Desde que Oscar Wilde nos mostró a Simon de Canterville atemorizado ante la presencia de los vivos y que, años más tarde, Tim Burton nos regalara su versión de lo mismo en el clásico Beetlejuice, los fantasmas están de capa caída.
El tipo de las sábana y la bola se ha convertido en dos cosas que no pretendía: en un sinónimo de petulante o vanidoso y en un disfraz de urgencia en caso de que te inviten a una fiesta de jálowin y no tengas que ponerte.
Su lugar en el imaginario del terror de ultratumba lo han ocupado dos figuras de significado y origen diferentes.
Los zombies, de raigambre caribeña, suponen una amenaza más concreta y física, pero, a la vez, más fácil de ahuyentar. Un par de disparos bien dados y a seguir reventando cerebros. Saltaron a la fama internacional danzando sincronizadamente junto a Michael Jackson y son invitados de honor en videojuegos y teleseries varias.
Los vampiros proceden de la tradición romántica transilvánica y van asociados a lo nocturno y erótico. Suelen ser guapos/-as, enigmáticas, atormentados y conforman el contrapunto fashion a las franca falta de elegancia de los zombies, nietos icónicos de los leprosos medievales.

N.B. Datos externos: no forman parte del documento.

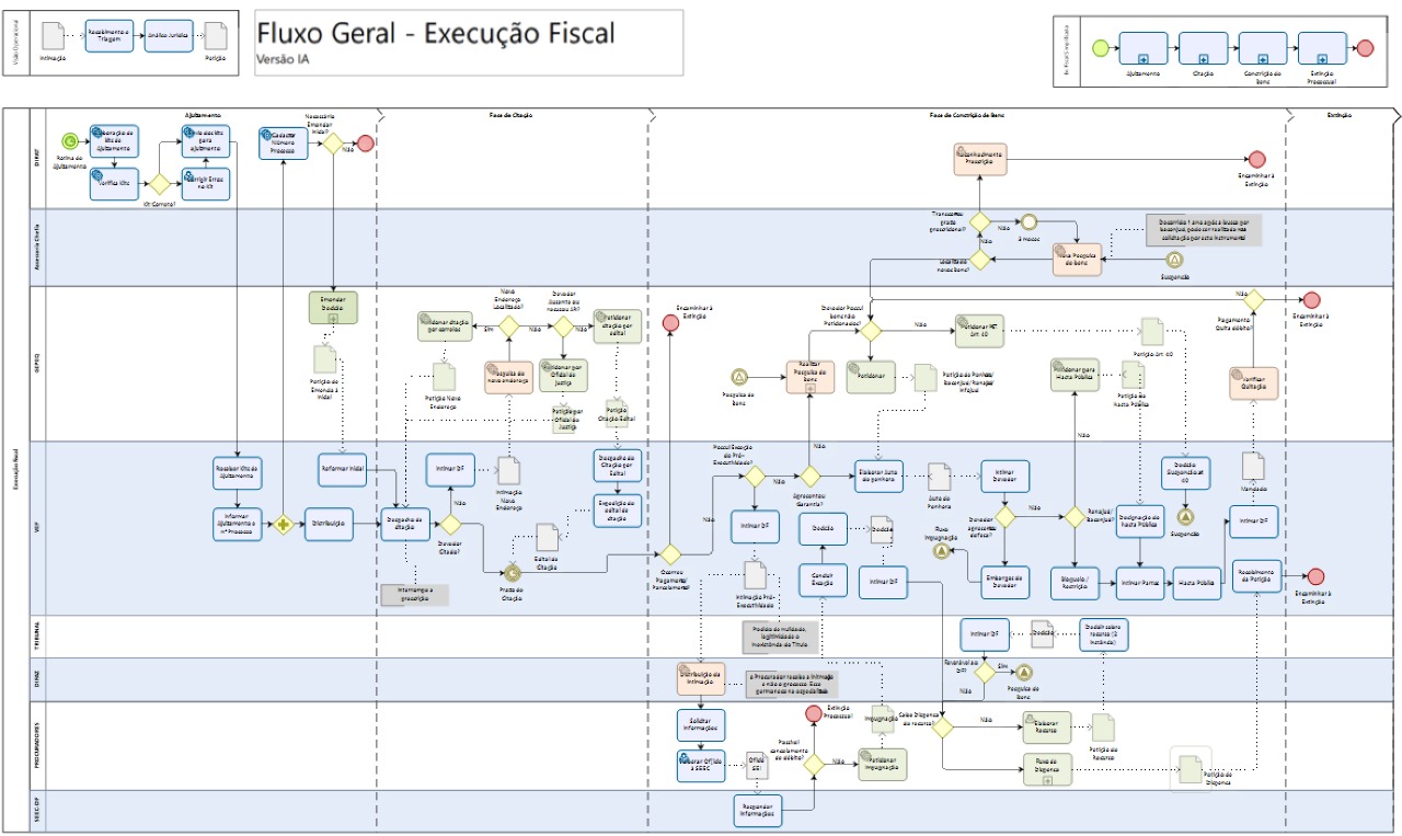 • Cenários – IA em Execução Fiscal – Em conjunto com o Fluxograma Geral de Execução Fiscal (acima), o documento Cenários permite a macro visão do processo judicial eletrônico de execução fiscal, com suas principais fases.

Casi podríamos decir que la figura del fantasma se ha escindido en dos subfiguras. Su aspecto amenazador y desagradable lo han heredado los zombies y su melancolía nocturna ha pasado a ser patrimonio de los vampiros.
NOTA: No sé a qué ha venido este interés mío por los fantasmas, quizá porque repusieron Beetlejuice hace unos días en televisión y por uno que salió ayer en El atlas de las nubes, muy timburtoniano por cierto.